#### [Dataset section]
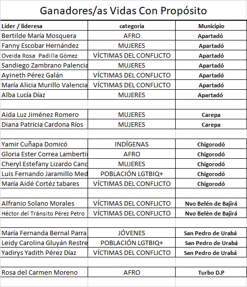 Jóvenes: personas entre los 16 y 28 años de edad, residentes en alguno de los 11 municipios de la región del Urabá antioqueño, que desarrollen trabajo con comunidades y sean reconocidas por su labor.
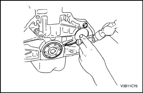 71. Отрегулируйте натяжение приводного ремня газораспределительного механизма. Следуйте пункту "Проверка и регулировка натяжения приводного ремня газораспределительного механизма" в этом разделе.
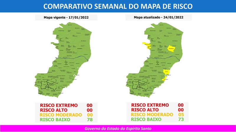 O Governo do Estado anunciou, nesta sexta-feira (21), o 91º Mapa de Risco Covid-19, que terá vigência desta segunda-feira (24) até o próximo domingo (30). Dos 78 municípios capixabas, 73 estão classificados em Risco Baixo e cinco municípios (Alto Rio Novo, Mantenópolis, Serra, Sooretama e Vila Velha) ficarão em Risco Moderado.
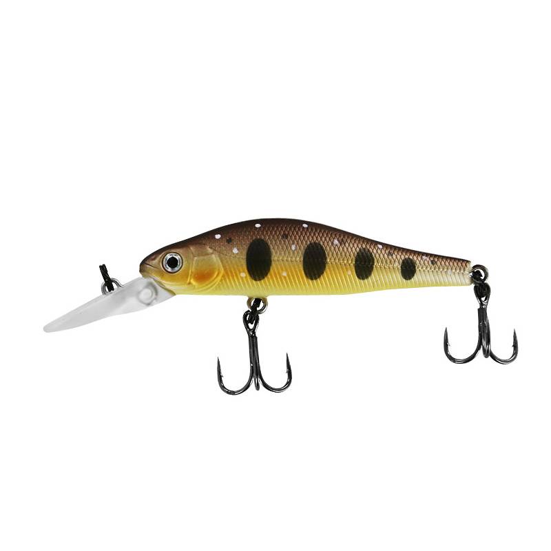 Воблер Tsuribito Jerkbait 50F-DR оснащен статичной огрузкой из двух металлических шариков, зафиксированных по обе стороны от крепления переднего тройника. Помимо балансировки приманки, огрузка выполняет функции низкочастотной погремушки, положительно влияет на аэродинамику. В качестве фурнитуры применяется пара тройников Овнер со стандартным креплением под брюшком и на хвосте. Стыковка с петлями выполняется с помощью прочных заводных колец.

#### [Your assignment]
Take the line containing "71. Отрегулируйте натяжение" and every line after it up to the end of the data, and write them out exactly, without the pictures.

#### [Output for this task]
 71. Отрегулируйте натяжение приводного ремня газораспределительного механизма. Следуйте пункту "Проверка и регулировка натяжения приводного ремня газораспределительного механизма" в этом разделе.
 O Governo do Estado anunciou, nesta sexta-feira (21), o 91º Mapa de Risco Covid-19, que terá vigência desta segunda-feira (24) até o próximo domingo (30). Dos 78 municípios capixabas, 73 estão classificados em Risco Baixo e cinco municípios (Alto Rio Novo, Mantenópolis, Serra, Sooretama e Vila Velha) ficarão em Risco Moderado.
 Воблер Tsuribito Jerkbait 50F-DR оснащен статичной огрузкой из двух металлических шариков, зафиксированных по обе стороны от крепления переднего тройника. Помимо балансировки приманки, огрузка выполняет функции низкочастотной погремушки, положительно влияет на аэродинамику. В качестве фурнитуры применяется пара тройников Овнер со стандартным креплением под брюшком и на хвосте. Стыковка с петлями выполняется с помощью прочных заводных колец.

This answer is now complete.